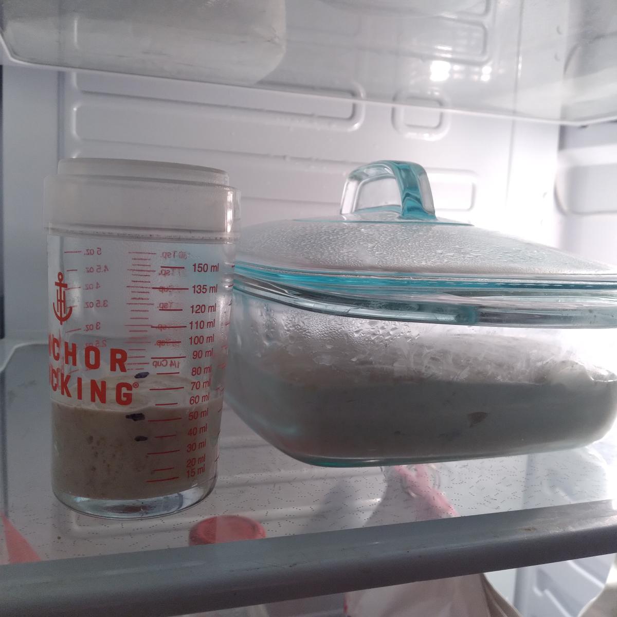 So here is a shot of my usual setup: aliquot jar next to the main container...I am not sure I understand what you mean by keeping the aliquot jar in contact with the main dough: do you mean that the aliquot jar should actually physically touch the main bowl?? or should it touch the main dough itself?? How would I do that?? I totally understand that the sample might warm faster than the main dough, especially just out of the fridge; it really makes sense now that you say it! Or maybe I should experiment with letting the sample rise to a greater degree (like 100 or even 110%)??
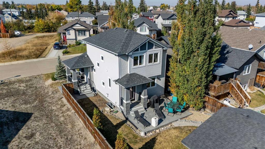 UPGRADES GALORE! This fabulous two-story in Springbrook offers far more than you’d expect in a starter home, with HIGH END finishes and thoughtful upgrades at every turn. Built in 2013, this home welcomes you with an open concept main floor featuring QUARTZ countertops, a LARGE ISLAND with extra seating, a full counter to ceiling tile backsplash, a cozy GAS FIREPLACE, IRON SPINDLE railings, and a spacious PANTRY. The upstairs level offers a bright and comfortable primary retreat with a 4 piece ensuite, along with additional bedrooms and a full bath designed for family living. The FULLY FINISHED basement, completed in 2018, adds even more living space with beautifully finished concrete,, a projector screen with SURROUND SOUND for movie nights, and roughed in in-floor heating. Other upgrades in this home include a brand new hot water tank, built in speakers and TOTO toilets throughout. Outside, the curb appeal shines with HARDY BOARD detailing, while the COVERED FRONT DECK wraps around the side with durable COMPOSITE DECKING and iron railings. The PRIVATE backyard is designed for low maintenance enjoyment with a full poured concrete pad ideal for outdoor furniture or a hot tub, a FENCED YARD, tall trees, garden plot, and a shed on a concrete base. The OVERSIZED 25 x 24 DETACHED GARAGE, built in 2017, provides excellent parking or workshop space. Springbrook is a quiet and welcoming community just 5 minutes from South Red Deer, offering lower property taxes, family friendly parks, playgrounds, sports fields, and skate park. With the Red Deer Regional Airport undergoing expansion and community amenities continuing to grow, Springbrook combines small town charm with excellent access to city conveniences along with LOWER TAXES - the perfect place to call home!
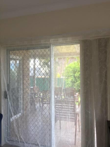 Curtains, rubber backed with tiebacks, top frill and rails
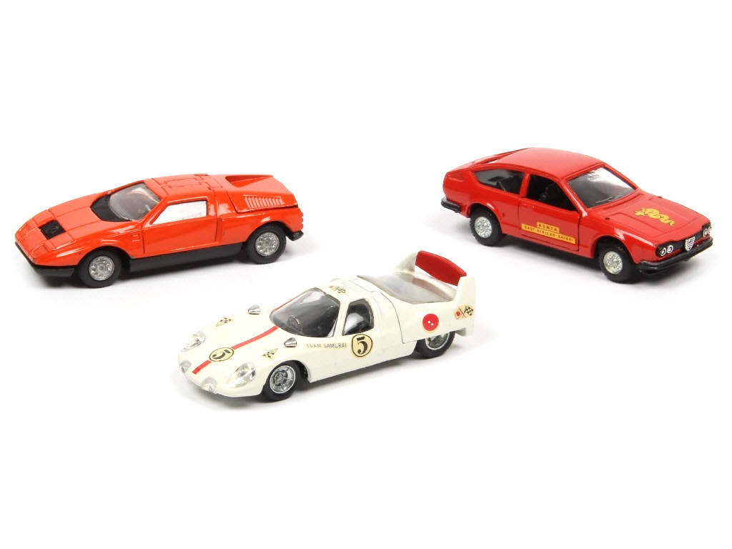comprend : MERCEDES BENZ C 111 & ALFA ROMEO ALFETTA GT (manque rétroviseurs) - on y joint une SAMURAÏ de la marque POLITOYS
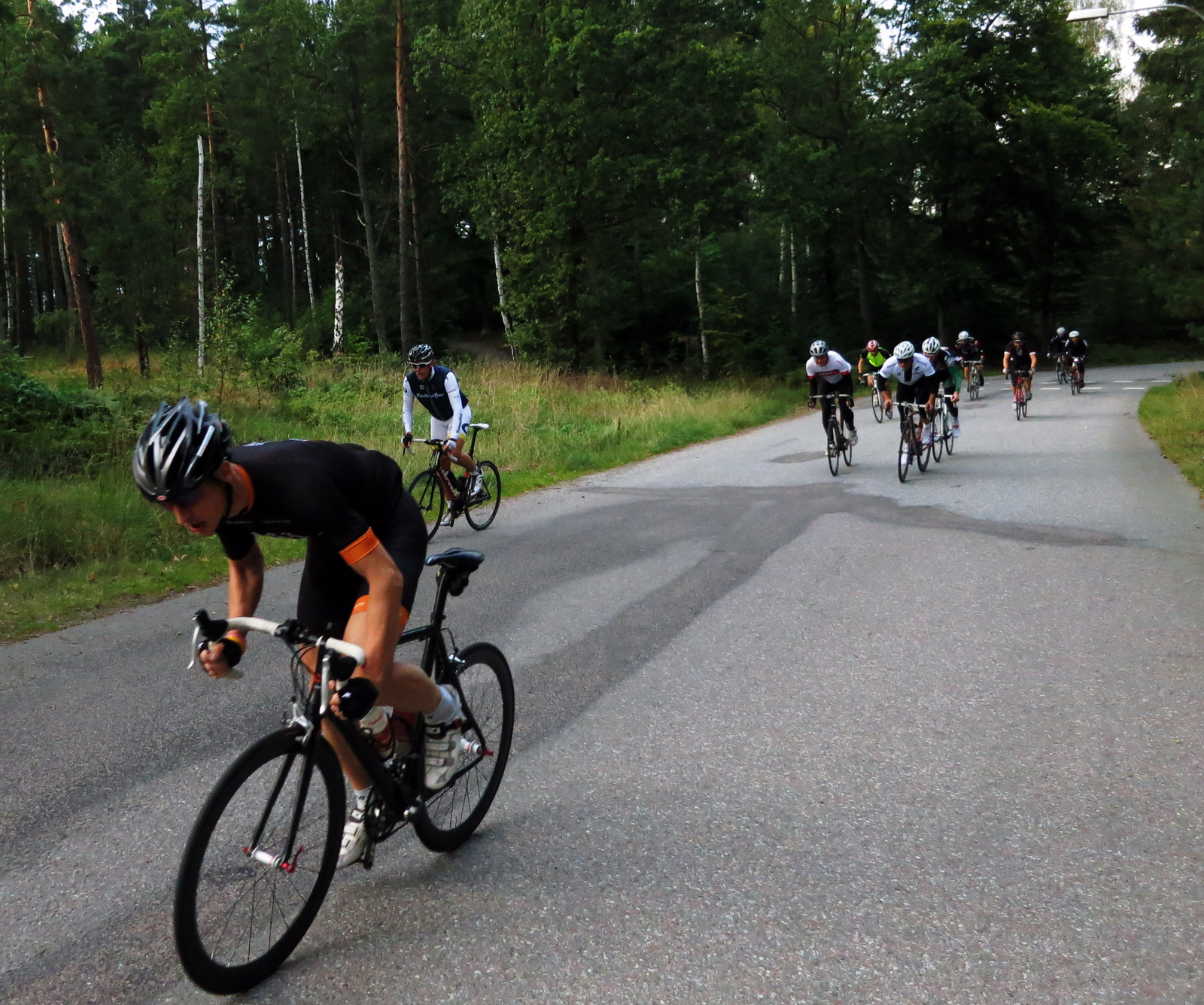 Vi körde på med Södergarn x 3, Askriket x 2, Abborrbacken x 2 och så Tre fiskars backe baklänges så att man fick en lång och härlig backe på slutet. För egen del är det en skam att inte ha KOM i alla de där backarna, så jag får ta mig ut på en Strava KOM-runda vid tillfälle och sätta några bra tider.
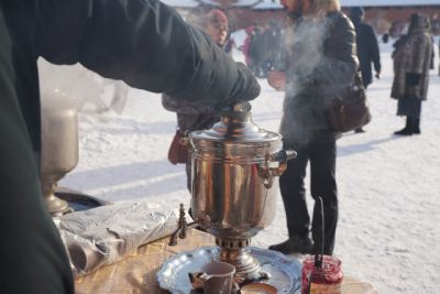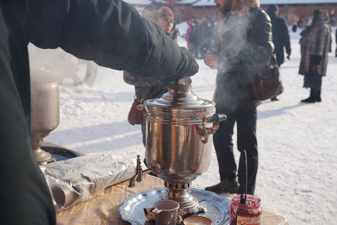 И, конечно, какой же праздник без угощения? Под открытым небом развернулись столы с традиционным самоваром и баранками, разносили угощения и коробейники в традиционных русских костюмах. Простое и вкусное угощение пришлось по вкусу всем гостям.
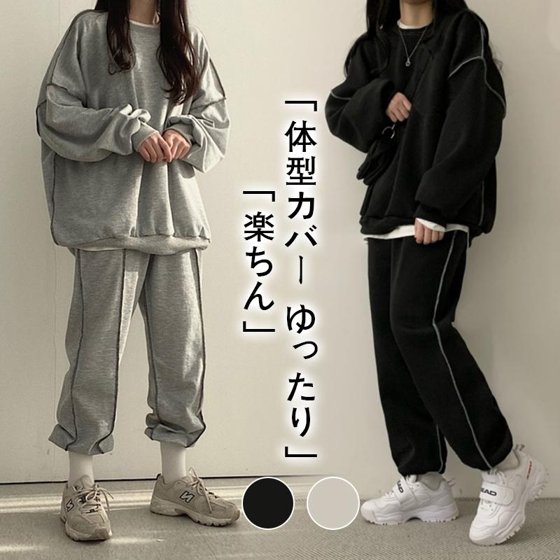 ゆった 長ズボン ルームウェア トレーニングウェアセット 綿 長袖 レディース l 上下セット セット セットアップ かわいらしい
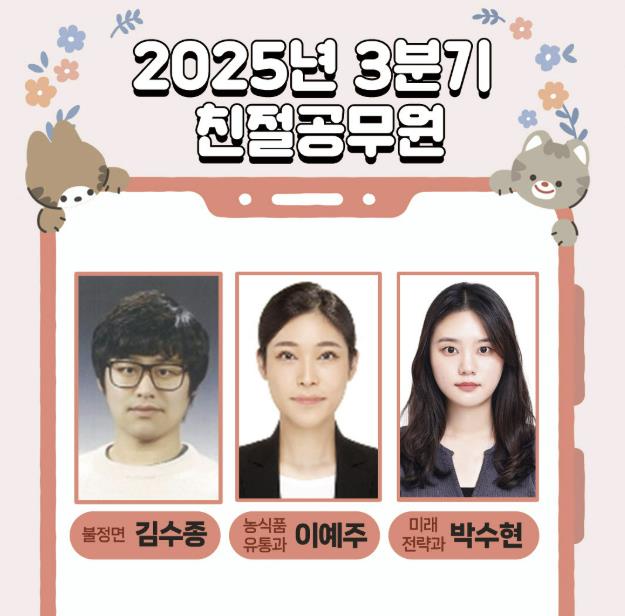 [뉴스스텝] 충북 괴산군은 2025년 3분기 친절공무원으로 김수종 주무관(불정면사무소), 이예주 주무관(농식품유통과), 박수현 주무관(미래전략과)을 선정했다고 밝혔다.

────

▶ _AIM OF THE TASK_
Copy everything above from the line holding "Curtains, rubber backed" down to the line holding "Vi körde på", both ends included, exactly as it stands and without the pictures.

▶ _EXERCISE SOLUTION_
 Curtains, rubber backed with tiebacks, top frill and rails
comprend : MERCEDES BENZ C 111 & ALFA ROMEO ALFETTA GT (manque rétroviseurs) - on y joint une SAMURAÏ de la marque POLITOYS
 Vi körde på med Södergarn x 3, Askriket x 2, Abborrbacken x 2 och så Tre fiskars backe baklänges så att man fick en lång och härlig backe på slutet. För egen del är det en skam att inte ha KOM i alla de där backarna, så jag får ta mig ut på en Strava KOM-runda vid tillfälle och sätta några bra tider.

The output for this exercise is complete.